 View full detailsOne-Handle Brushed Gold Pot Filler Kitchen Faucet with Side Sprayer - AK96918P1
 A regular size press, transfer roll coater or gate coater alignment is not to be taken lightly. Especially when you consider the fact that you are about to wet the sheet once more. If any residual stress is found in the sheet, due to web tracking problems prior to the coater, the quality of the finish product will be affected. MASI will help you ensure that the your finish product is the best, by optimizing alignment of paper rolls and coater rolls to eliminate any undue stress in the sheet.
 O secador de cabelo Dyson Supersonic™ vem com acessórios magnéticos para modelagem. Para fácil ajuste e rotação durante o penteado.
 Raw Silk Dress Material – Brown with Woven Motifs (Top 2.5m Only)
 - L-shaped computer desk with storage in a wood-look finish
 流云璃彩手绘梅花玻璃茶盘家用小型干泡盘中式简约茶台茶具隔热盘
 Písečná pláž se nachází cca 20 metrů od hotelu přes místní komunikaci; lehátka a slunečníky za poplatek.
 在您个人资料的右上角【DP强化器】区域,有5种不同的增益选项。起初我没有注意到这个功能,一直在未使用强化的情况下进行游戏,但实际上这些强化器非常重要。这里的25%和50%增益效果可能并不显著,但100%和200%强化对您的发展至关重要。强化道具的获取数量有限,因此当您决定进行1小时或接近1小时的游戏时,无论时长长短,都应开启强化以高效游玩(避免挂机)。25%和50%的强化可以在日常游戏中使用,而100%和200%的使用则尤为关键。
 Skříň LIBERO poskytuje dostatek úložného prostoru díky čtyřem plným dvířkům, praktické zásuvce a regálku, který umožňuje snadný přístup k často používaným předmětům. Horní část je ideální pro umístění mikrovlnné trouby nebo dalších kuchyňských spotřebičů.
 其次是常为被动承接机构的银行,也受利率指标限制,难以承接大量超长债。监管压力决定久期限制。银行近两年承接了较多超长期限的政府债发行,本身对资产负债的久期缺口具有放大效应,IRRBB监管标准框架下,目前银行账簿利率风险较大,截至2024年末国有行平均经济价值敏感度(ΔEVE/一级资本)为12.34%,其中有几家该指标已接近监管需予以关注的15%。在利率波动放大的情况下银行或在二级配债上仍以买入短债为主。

- _EXERCISE BRIEF_:
Up to and including the line with "Skříň LIBERO poskytuje", repeat the data exactly, starting from its first line; nothing else belongs in the response.

- _COMPLETED EXERCISE_:
 View full detailsOne-Handle Brushed Gold Pot Filler Kitchen Faucet with Side Sprayer - AK96918P1
 A regular size press, transfer roll coater or gate coater alignment is not to be taken lightly. Especially when you consider the fact that you are about to wet the sheet once more. If any residual stress is found in the sheet, due to web tracking problems prior to the coater, the quality of the finish product will be affected. MASI will help you ensure that the your finish product is the best, by optimizing alignment of paper rolls and coater rolls to eliminate any undue stress in the sheet.
 O secador de cabelo Dyson Supersonic™ vem com acessórios magnéticos para modelagem. Para fácil ajuste e rotação durante o penteado.
 Raw Silk Dress Material – Brown with Woven Motifs (Top 2.5m Only)
 - L-shaped computer desk with storage in a wood-look finish
 流云璃彩手绘梅花玻璃茶盘家用小型干泡盘中式简约茶台茶具隔热盘
 Písečná pláž se nachází cca 20 metrů od hotelu přes místní komunikaci; lehátka a slunečníky za poplatek.
 在您个人资料的右上角【DP强化器】区域,有5种不同的增益选项。起初我没有注意到这个功能,一直在未使用强化的情况下进行游戏,但实际上这些强化器非常重要。这里的25%和50%增益效果可能并不显著,但100%和200%强化对您的发展至关重要。强化道具的获取数量有限,因此当您决定进行1小时或接近1小时的游戏时,无论时长长短,都应开启强化以高效游玩(避免挂机)。25%和50%的强化可以在日常游戏中使用,而100%和200%的使用则尤为关键。
 Skříň LIBERO poskytuje dostatek úložného prostoru díky čtyřem plným dvířkům, praktické zásuvce a regálku, který umožňuje snadný přístup k často používaným předmětům. Horní část je ideální pro umístění mikrovlnné trouby nebo dalších kuchyňských spotřebičů.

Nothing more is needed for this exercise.